Sa sœur devait désormais s’occuper de lui. Et à un moment donné cette année, après la mort de ses parents, elle a réalisé qu’elle n’en pouvait plus. Elle l’a emmené à Béthel.

Au départ, Beckmann n’a quitté sa chambre que pour servir comme enfant de chœur dans la communauté Bethel, la communauté religieuse de l’établissement. © Arne Piepke pour ZEIT ONLINE

Beckmann ne lui a jamais pardonné cela. “Je fais juste quelque chose comme ça. M’envoyer à Béthel”, dit-il. Il se met à pleurer, fouille dans son fauteuil roulant à la recherche d’un mouchoir et le presse fermement contre ses paupières. “C’est une punition sévère”, dit-il. Beckmann n’a jamais quitté le sentiment d’avoir été expulsé à l’époque ; que sa sœur l’a simplement laissé derrière elle, dans un endroit étrange.

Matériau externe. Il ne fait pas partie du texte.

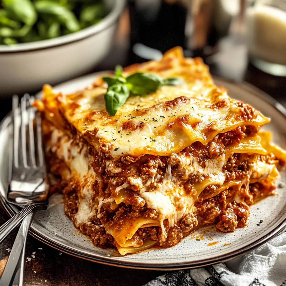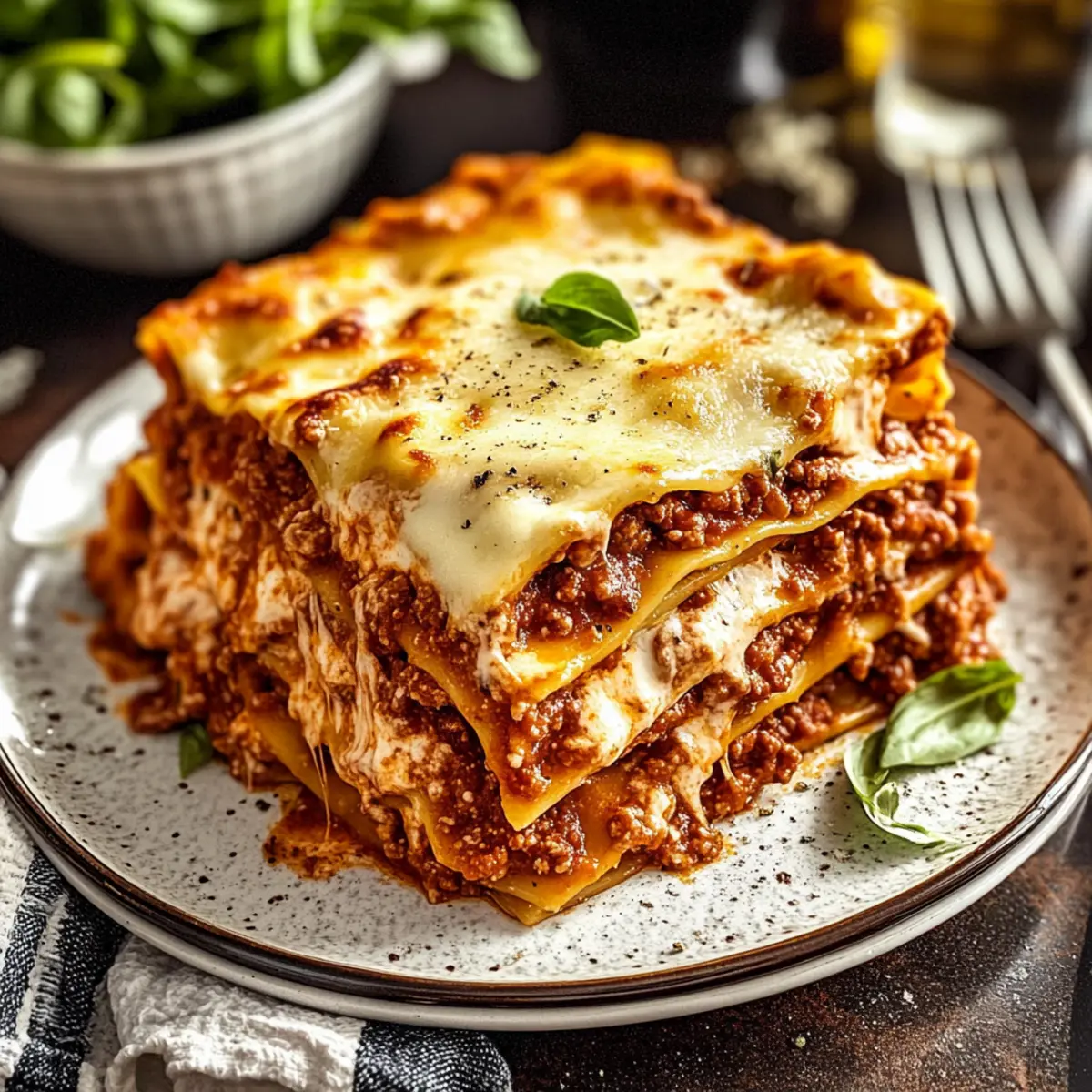 As I stood in my kitchen, the rich aroma of slow-simmering Bolognese sauce wrapped around me like a warm hug. There’s something so comforting and satisfying about crafting a classic Lasagna Bolognese—layering egg lasagna noodles with that deep, flavorful meat sauce and a dreamy béchamel. This recipe is not just about food; it’s about creating a labor of love that transforms a simple gathering into a joyful celebration. It’s perfect for those special occasions or cozy family dinners, striking a perfect balance between indulgence and comfort. Plus, it’s surprisingly rewarding to have this gourmet dish come out of your own oven! So, are you ready to elevate your dinner game? Let’s dive into making this classic Italian masterpiece together! Why will you crave this lasagna? Rich, Layered Delight: Each bite of this Lasagna Bolognese is a harmonious blend of flavors, thanks to the slow-cooked Bolognese and creamy béchamel. No-Fuss Assembly: With simple steps and readily available ingredients, this recipe takes the stress out of meal prep, perfect for weeknight indulgence or festive gatherings. Crowd-Pleasing Comfort: This dish is a guaranteed hit at any dinner table, making it ideal for family and friends alike. Versatile Variations: Feel free to experiment by adding favorite vegetables or cheeses, allowing this classic to adapt to your tastes! For a twist, check out my Mexican Lasagna Twist. Time-Rewarded Flavors: Although it takes time to cook, the result is unbeatable satisfaction, making your labor of love truly worth it. Don’t miss out on this classic Italian experience! Lasagna Bolognese Ingredients Get ready to create a comforting classic! For the Bolognese Sauce Bolognese Sauce (6-7 cups) – The main flavor and protein base; can refrigerate or freeze leftovers for later enjoyment. Olive Oil (1 tablespoon) – Used for crisping pancetta; substitute with vegetable oil if needed. Pancetta (6 oz, diced small) – Adds depth of flavor; you can replace it with bacon if unavailable. Ground Sirloin (1 lb, 90/10) – Provides protein and texture; opt for ground turkey for a leaner option. Ground Italian Sausage (1 lb) – Introduces spices and fat to the sauce; can substitute with ground beef or turkey for a different taste profile. Yellow Onion (1, roughly chopped) – Enhances the base flavor of the sauce. Carrots (2, peeled and chopped) – Adds sweetness; consider using sweet potatoes as a substitute. Celery Ribs (2, chopped) – Contributes depth; can omit if you don’t have it on hand. Garlic (4 cloves, minced) – A key aromatic flavor; garlic powder is a good backup in a pinch. Tomato Paste (6 oz) – Intensifies the tomato flavor; no direct substitute needed, but crushed tomatoes can work if necessary. Canned Crushed Tomatoes (28 oz, high-quality brand) – Provides primary acidity and texture, an essential for Bolognese. Medium-Bodied Red Wine (1 1/2 cups) – Adds a rich flavor; for a non-alcoholic option, substitute with beef broth. Bay Leaves (2) – Infuses flavor; don’t forget to remove before serving! Parmesan Rind (1) – Adds umami; can be skipped if you don’t have it. Kosher Salt and Freshly Cracked Pepper – Essential for seasoning. For the Béchamel Sauce Unsalted Butter (5 tablespoons) – Provides flavor and body; margarine can be used as a substitute. All-Purpose Flour (1/4 cup) – Thickening agent for the béchamel; replace with gluten-free flour for a gluten-free variation. Whole Milk (4 cups, warmed) – Adds moisture and richness; nut milk is a suitable alternative. Freshly Grated Nutmeg (1/8 tsp) – An aromatic flavor enhancer; omitting it is fine for a nut-free option. Freshly Grated Parmesan (2 1/2 cups, divided) – Adds richness; use Pecorino Romano for a sharper taste. For the Noodles and Assembly Egg Lasagna Noodles (20 sheets) – Provides structure; fresh noodles are preferred, but adjust cooking time if using dried. Fresh Mozzarella (16 oz, diced) – Adds gooey texture and moisture; essential for a perfect lasagna. Butter (1 tablespoon) – Used for cooking the pancetta to enhance flavor. Now that you’re armed with all the ingredients, let’s bring this luscious Lasagna Bolognese to life! Step‑by‑Step Instructions for Lasagna Bolognese Step 1: Prepare Bolognese Sauce Start by heating 1 tablespoon of olive oil and 1 tablespoon of butter in a large pot over medium heat. Add 6 oz of diced pancetta, cooking until it’s crispy and browned. Then, finely mince 1 onion, 2 carrots, 2 celery ribs, and 4 garlic cloves using a food processor, and incorporate them into the pot. Sauté for 5 minutes until they soften, then add 1 lb of ground sirloin and 1 lb of ground Italian sausage, cooking on low until thoroughly cooked, about 10-12 minutes, without browning. Step 2: Build Flavor in the Sauce Once the meats are cooked, stir in 6 oz of tomato paste and let it cook for about 2-3 minutes until darkened. Next, pour in 1.5 cups of medium-bodied red wine to deglaze the pot, scraping any bits stuck to the bottom. Add 28 oz of canned crushed tomatoes, 1 cup of whole milk, 2 bay leaves, and the parmesan rind if using. Bring the sauce to a simmer, then cover and cook on low for 2.5 to 3 hours until thickened, stirring occasionally. Step 3: Boil Noodles While the Bolognese sauce is simmering, bring a large pot of salted water to a boil over high heat. Carefully add 20 sheets of lasagna noodles, cooking them until al dente according to package instructions, usually about 8-10 minutes. Once done, drain the noodles and drizzle with a little olive oil to prevent sticking, then set them aside to cool. Step 4: Prepare Béchamel In another saucepan, melt 5 tablespoons of unsalted butter over medium heat. Whisk in 1/4 cup of all-purpose flour and cook for about 2 minutes, stirring constantly to eliminate the raw flour taste. Gradually add 4 cups of warmed whole milk, whisking until the mixture thickens and bubbles, which should take around 10 minutes. Re

Les installations de Béthel sont immenses. Ils le sont aujourd’hui, et ils l’étaient à l’époque. Il est difficile de les suivre. Bethel est l’une des plus grandes institutions diaconales d’Europe, fondée en 1867 et aujourd’hui représentée dans huit Länder. Selon l’entreprise sociale, 230 000 personnes reçoivent chaque année des conseils, des traitements ou des soins de la part de plus de 24 000 salariés. Le siège est à Bielefeld-Bethel. Un quartier entier porte le nom de l’établissement. Les maisons portent des noms bibliques : Maison de Galaad, École Mamre Patmos ou Maison des Artistes Lydda. Les trottoirs sont abaissés, les boulangeries sont accessibles aux personnes handicapées et, à 16 heures, lorsque les crèches ferment, les rues se remplissent soudain de minibus rouges du service de transport pour personnes handicapées. Béthel, le district, comprend Béthel, l’établissement.

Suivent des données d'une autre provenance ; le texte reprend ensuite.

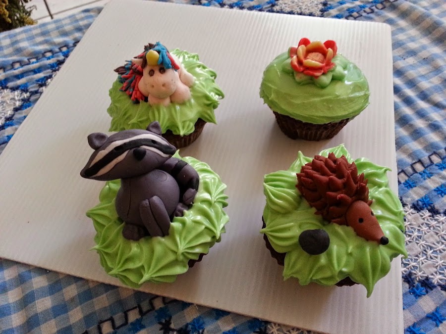 oso salvaje, zorro, zorrillo, venado Conejo y zanahoria, mapache, ardilla y nuez, búho, puercoespín y hongos La idea del unicornio la saqué de un video de you tube de MyCupcakeAddiction en youtube, ella hizo unos super hermosos y bueno yo intenté, la verdad que aún no tengo marcadores comestibles y por eso los ojos son de pasta medio exageradamente grandes para su tamaño, pero me encantan los colores! <3 br="">3>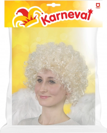 Krótka blond peruka z afro loczkami dopełni Twój anielski kostium w kilka sekund i zapewni nieprzeoczalny wygląd.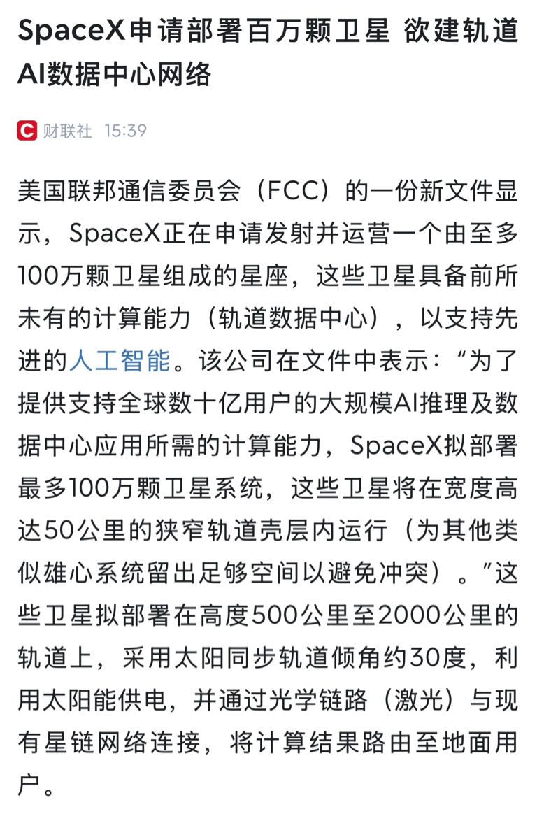 马斯克星链申请卫星突破100万颗,是我们20万颗的五倍,航天竞争越演越烈。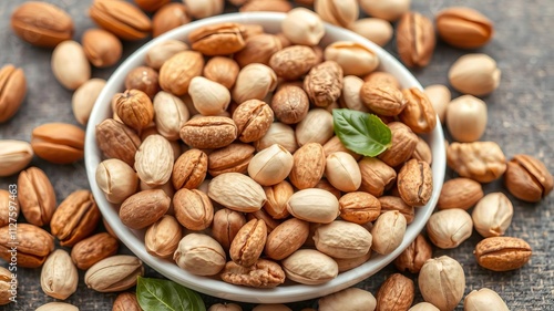 A variety of healthy nuts including cashews, pistachios, hazelnuts, walnuts, and almonds in a mix, protein, cashew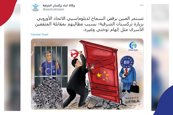 تستمر الصين برفض السماح لدبلوماسيي الاتحاد الأوروبي بزيارة تركستان الشرقية؛ بسبب مطالبهم بمقابلة المثقفين الأسرى مثل إلهام توختي وغيره.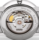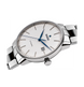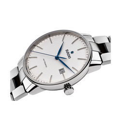 The crisp white dial is stunning with its striking textured finish that seems to glisten beneath the scratch resistant sapphire crystal glass that has been treated with antireflective coating for easy readability. Contrasting beautifully to the dial are steel hands painted in a colourful blue shade and a date box at three o clock while the slim silver indices pair beautifully with the stainless steel bracelet.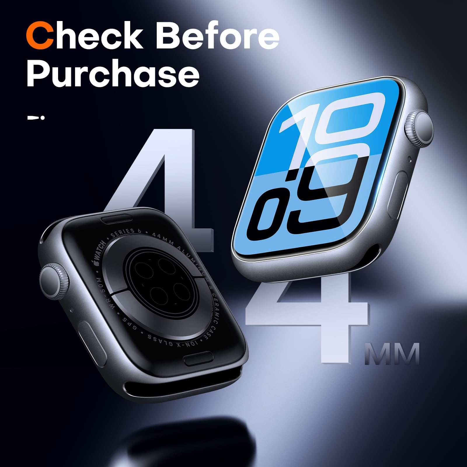 Compatibility - Specially designed for Apple Watch SE Series 6/5/4 44mm only, Includes 6 packs of screen protectors, NOT for any other models. Please check your Apple Watch model & size before purchasing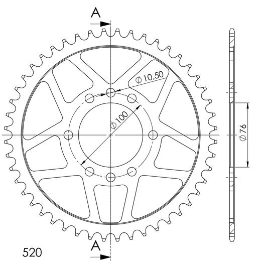 Reťazová rozeta SUPERSPROX RFE-1825:48-BLK čierna 48T, 520

Aujourd’hui, Beckmann vit dans un gigantesque bâtiment préfabriqué gris qui porte le grand nom biblique de la Maison Emmaüs. Il vit ici avec un peu plus d’une centaine d’autres personnes âgées, presque toutes nées avec un handicap mental. Aujourd’hui, il dispose d’une chambre individuelle lumineuse avec sa propre salle de bain.